A dimension is a name/value pair that is part of the identity of a metric, and AWS customers can assign up to 10 dimensions to a metric. Every metric has specific characteristics that describe it. Dimensions can be described as categories for those characteristics.
- Dimensions help customers design a structure for their statistics plan. Because dimensions are part of the unique identifier for a metric, whenever customers add a unique name/value pair to one of the metrics, by default they are creating a new variation of that metric.
- AWS services that send data to CloudWatch attach dimensions to each metric. You can use dimensions to filter the results that CloudWatch returns.
- For metrics produced by certain AWS services, such as Amazon EC2, CloudWatch can aggregate data across dimensions.
CloudWatch retains metric data as follows:
- Data points with a period of less than 60 seconds are available for 3 hours. These data points are high-resolution custom metrics.
- Data points with a period of 60 seconds (1 minute) are available for 15 days
- Data points with a period of 300 seconds (5 minute) are available for 63 days
- Data points with a period of 3600 seconds (1 hour) are available for 455 days (15 months)
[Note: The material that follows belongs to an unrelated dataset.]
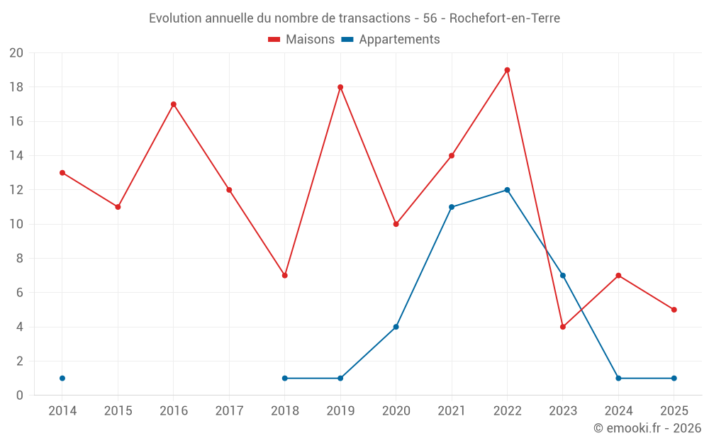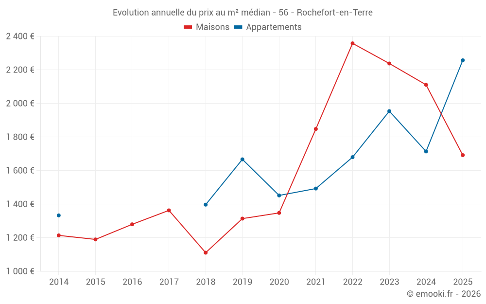 Le prix médian sur les 15 transactions de maisons des 24 derniers mois dans la commune de Rochefort-en-Terre était de 2 111 € par mètre carré pour une valeur foncière médiane de 172 640 €. Sur cette période 60% des transactions se sont situées entre 1 649 et 2 759 € par mètre carré (du 2ème au 8ème déciles).

A percentile indicates the relative standing of a value in a dataset. Percentiles help customers to get a better understanding of the distribution of their metric data. Percentiles are often used to isolate anomalies.
- Using percentiles, customers can monitor the 95th percentile of CPU utilization to check for instances with an unusually heavy load.
- Some CloudWatch metrics support percentiles as a statistic. For these metrics, customers can monitor your system and applications using percentiles as you would when using the other CloudWatch statistics.
AWS customers are able to use an alarm to automatically initiate actions on their behalf. An alarm watch is a single metric over a specified time period, and performs one or more specified actions, based on the value of the metric relative to a threshold over time.
- The action is a notification sent to an Amazon SNS topic or an Auto Scaling policy.
- Alarms invoke actions for sustained state changes only. Because they are in a particular state, CloudWatch alarms do not invoke actions. The state must have to change and must be maintained for a specified number of periods.